■ Problem description
Each line from the top of the listing through the one holding "Mūsų moduliniai vonios" should be restated word for word, with nothing added and no pictures.

------------------------------------------------------------------------

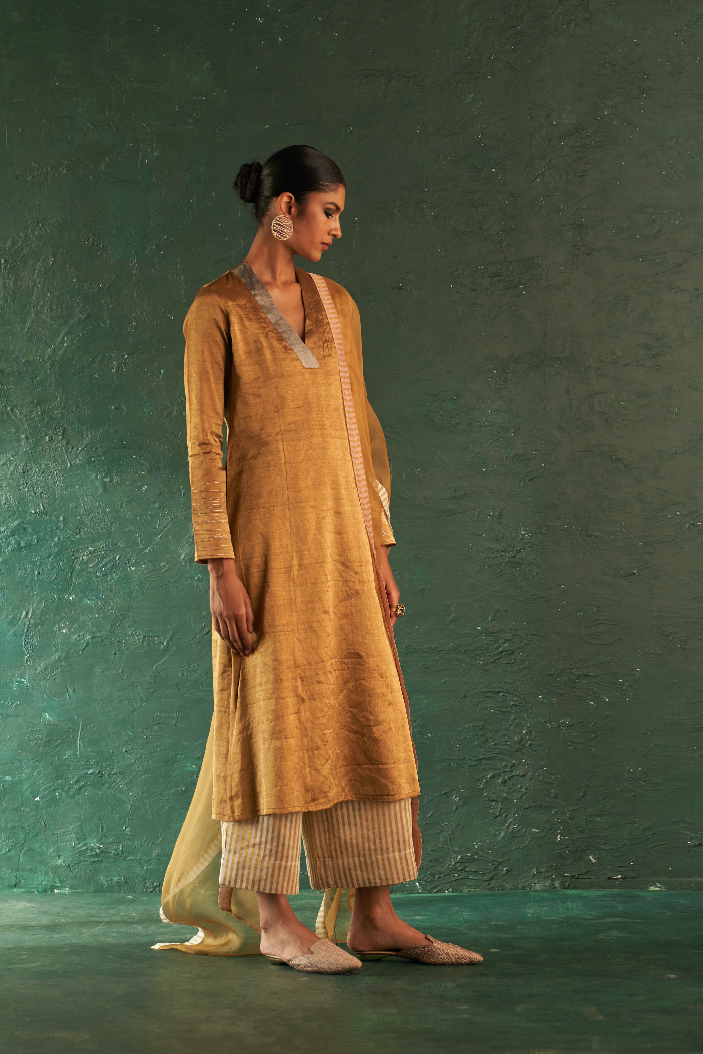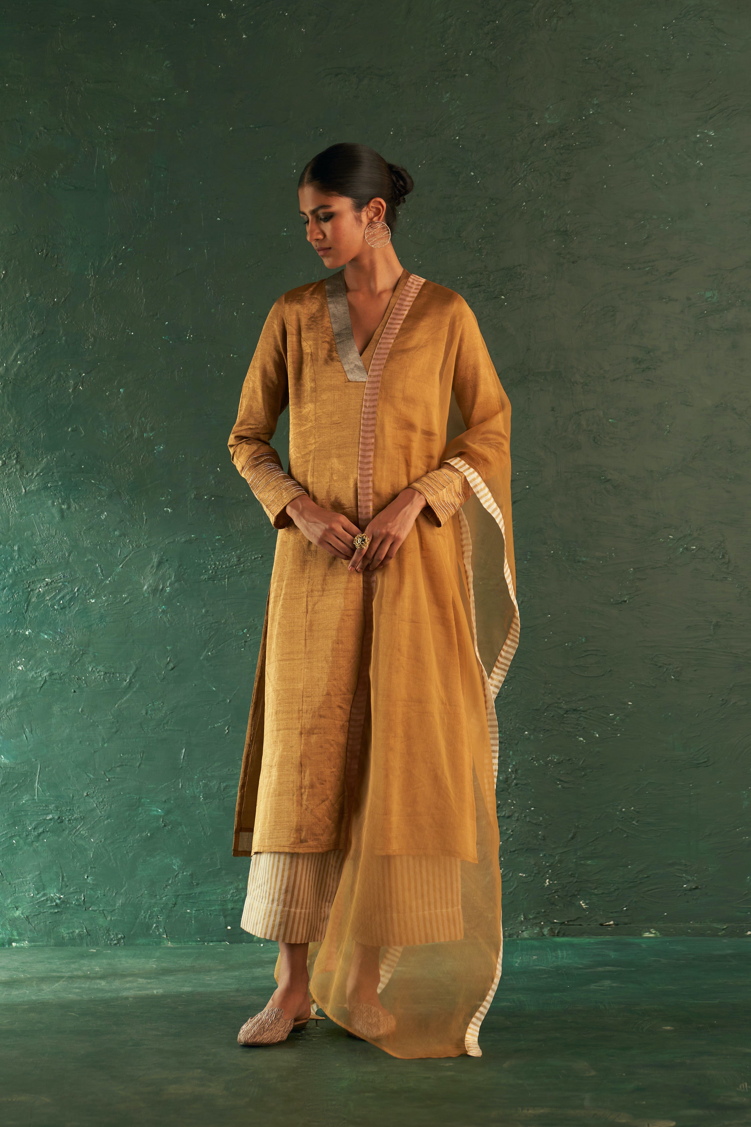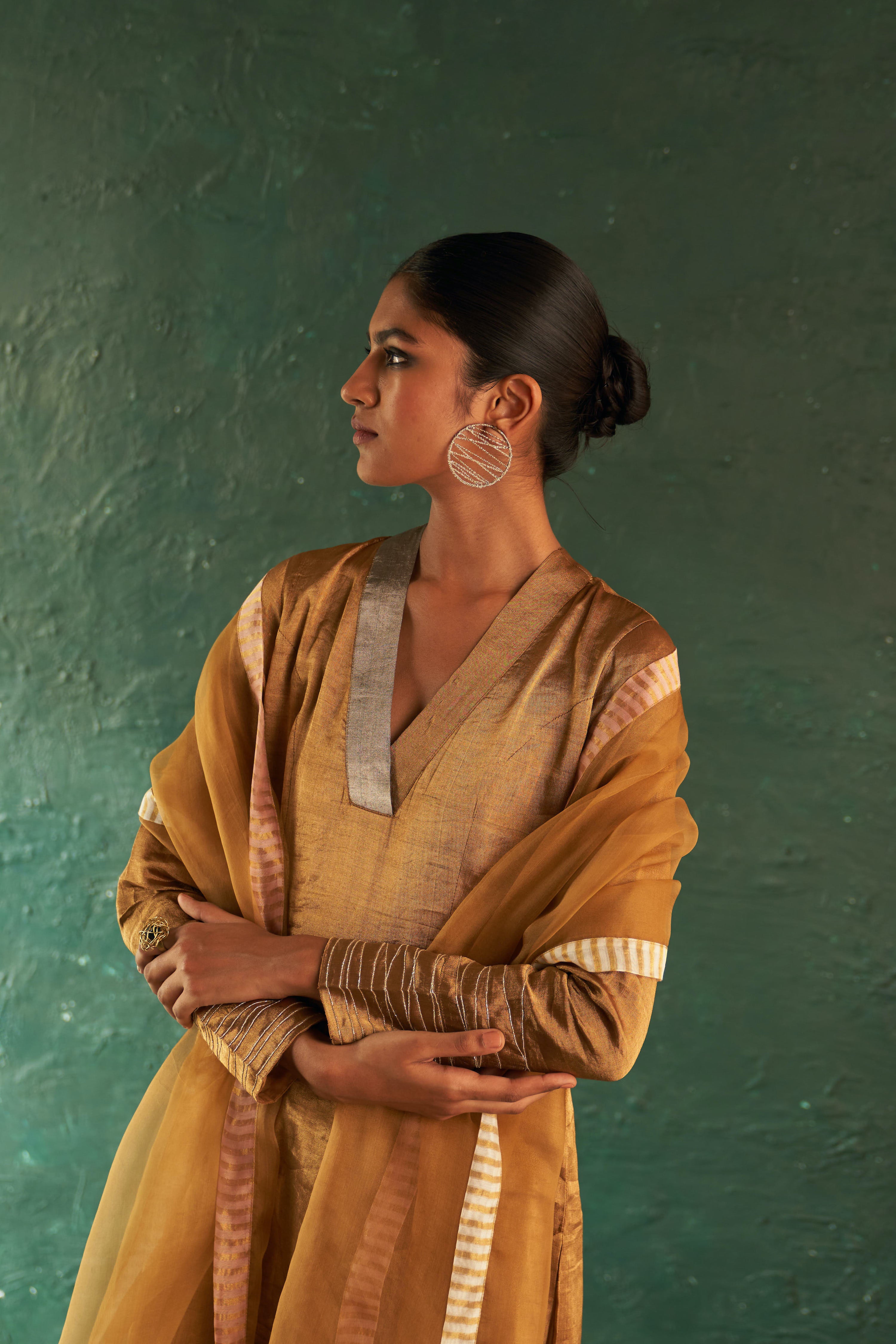 You can never go wrong with this classic gold tissue Straight Kurta with a contrasting collar band, long sleeves that highlights a dramatic intertwining dori work. Paired with striped tissue palazzos and a dreamy organza dupatta. Pick this for a classy look even for a formal event.
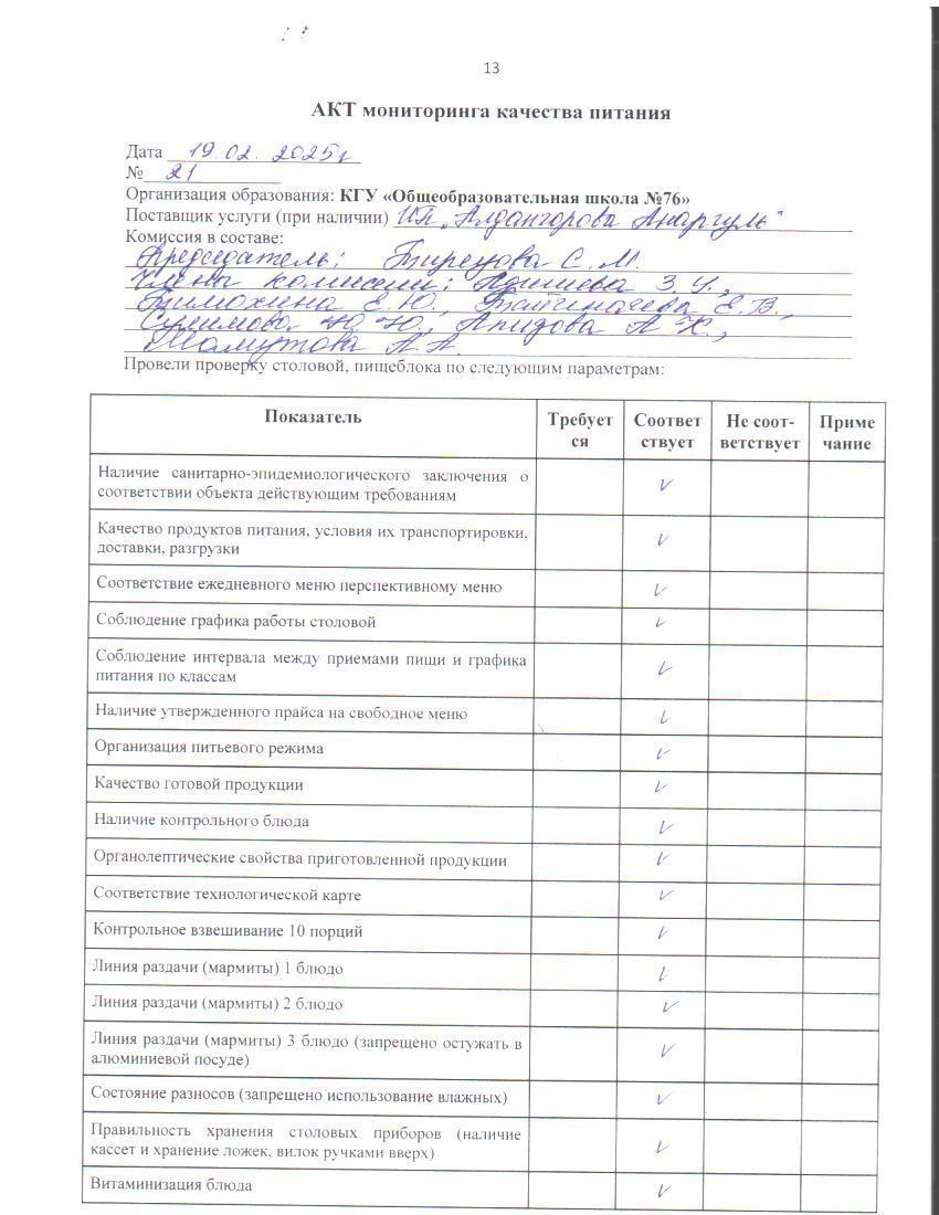 19 февраль 2025 0 1 2 3 4 5 Тамақ өнімдерінің сапасын бақылау жөніндегі комиссияның № 21 актісі. / Акт № 21 комиссии по мониторингу за качеством питания.
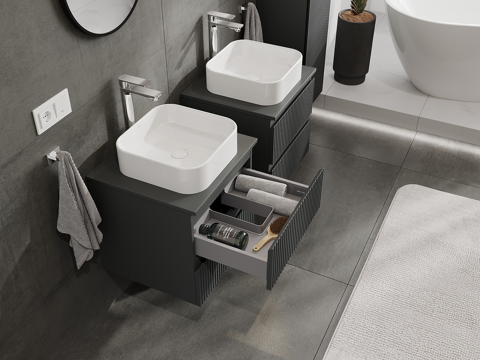 Mūsų moduliniai vonios baldai gali būti derinami tarpusavyje įvairiomis spalvų konfigūracijomis, leidžiant visiškai pritaikyti pagal asmeninius poreikius. Galima pasirinkti tiek atskirų elementų išvaizdą, tiek funkcijas, kas leidžia baldus pritaikyti pagal savo stiliaus ir naudojimo preferencijas.
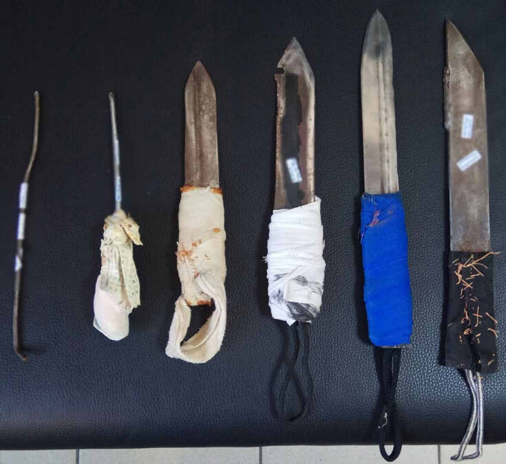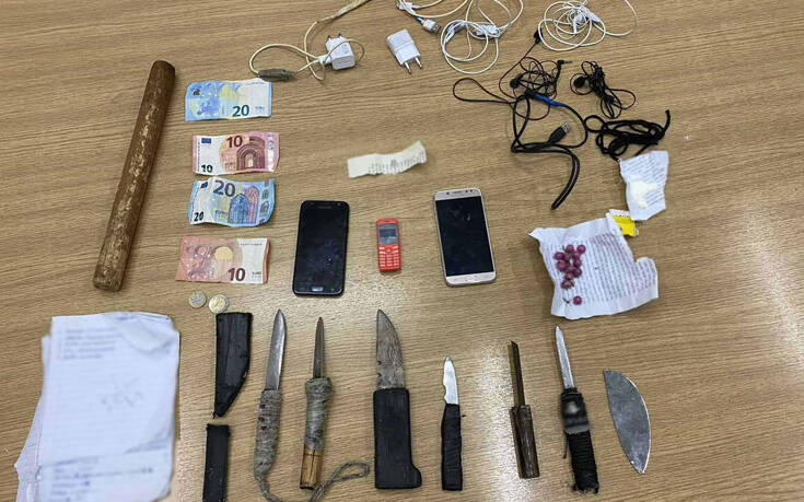 μικροποσότητα κατεργασμένης κάνναβης (σε μορφή σοκολάτας), - (6) αυτοσχέδια μαχαίρια,
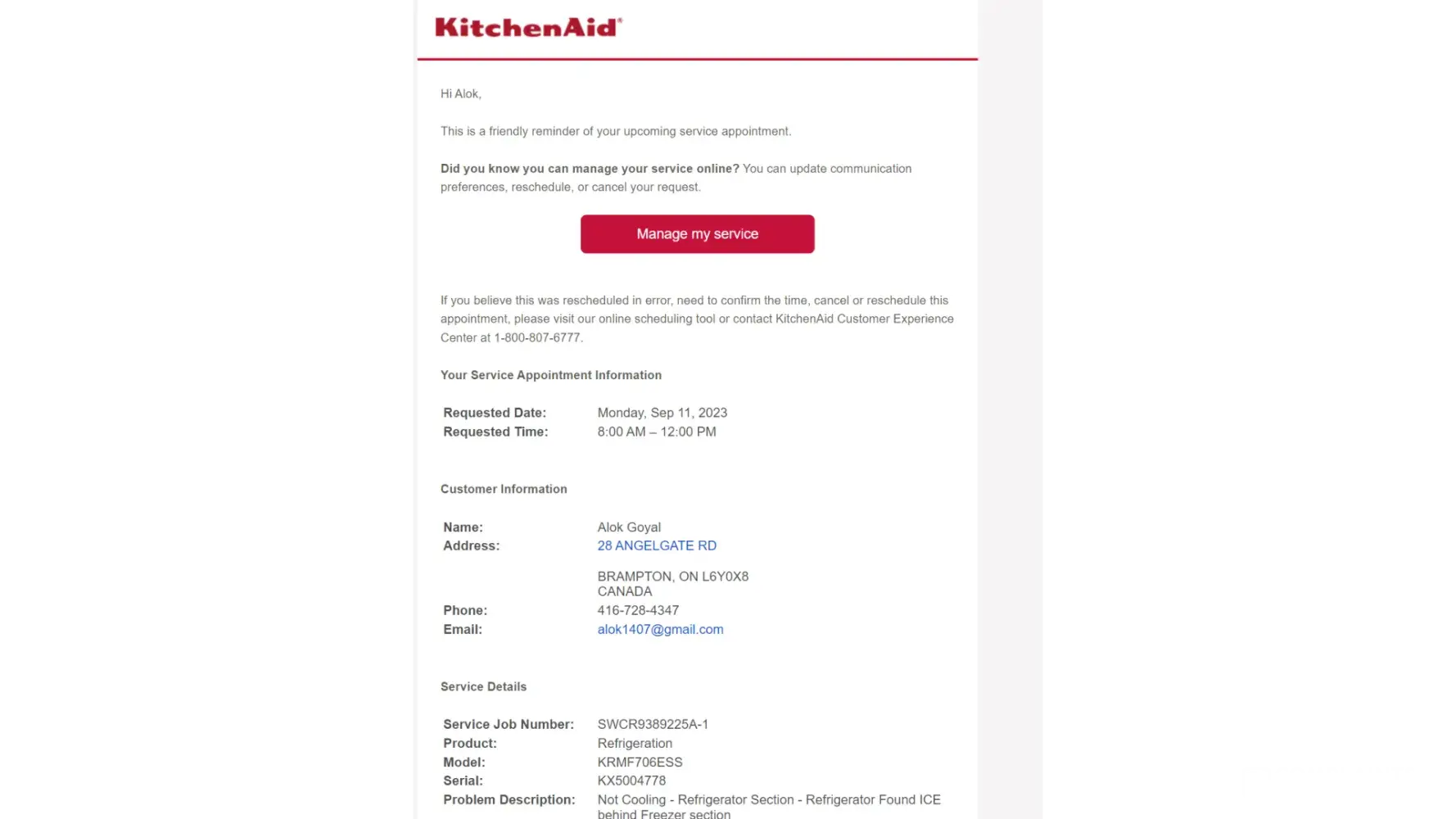 All of this could have been avoided had KitchenAid relayed which part needed fixing and the parts could have been ordered ahead of time. I was really frustrated because I felt like they didn't care about me as a customer. When I contacted customer service again after this happened, I was once again ignored. I was really upset because I felt like they didn't value my time or my business.

------------------------------------------------------------------------

■ Written solution
 You can never go wrong with this classic gold tissue Straight Kurta with a contrasting collar band, long sleeves that highlights a dramatic intertwining dori work. Paired with striped tissue palazzos and a dreamy organza dupatta. Pick this for a classy look even for a formal event.
 19 февраль 2025 0 1 2 3 4 5 Тамақ өнімдерінің сапасын бақылау жөніндегі комиссияның № 21 актісі. / Акт № 21 комиссии по мониторингу за качеством питания.
 Mūsų moduliniai vonios baldai gali būti derinami tarpusavyje įvairiomis spalvų konfigūracijomis, leidžiant visiškai pritaikyti pagal asmeninius poreikius. Galima pasirinkti tiek atskirų elementų išvaizdą, tiek funkcijas, kas leidžia baldus pritaikyti pagal savo stiliaus ir naudojimo preferencijas.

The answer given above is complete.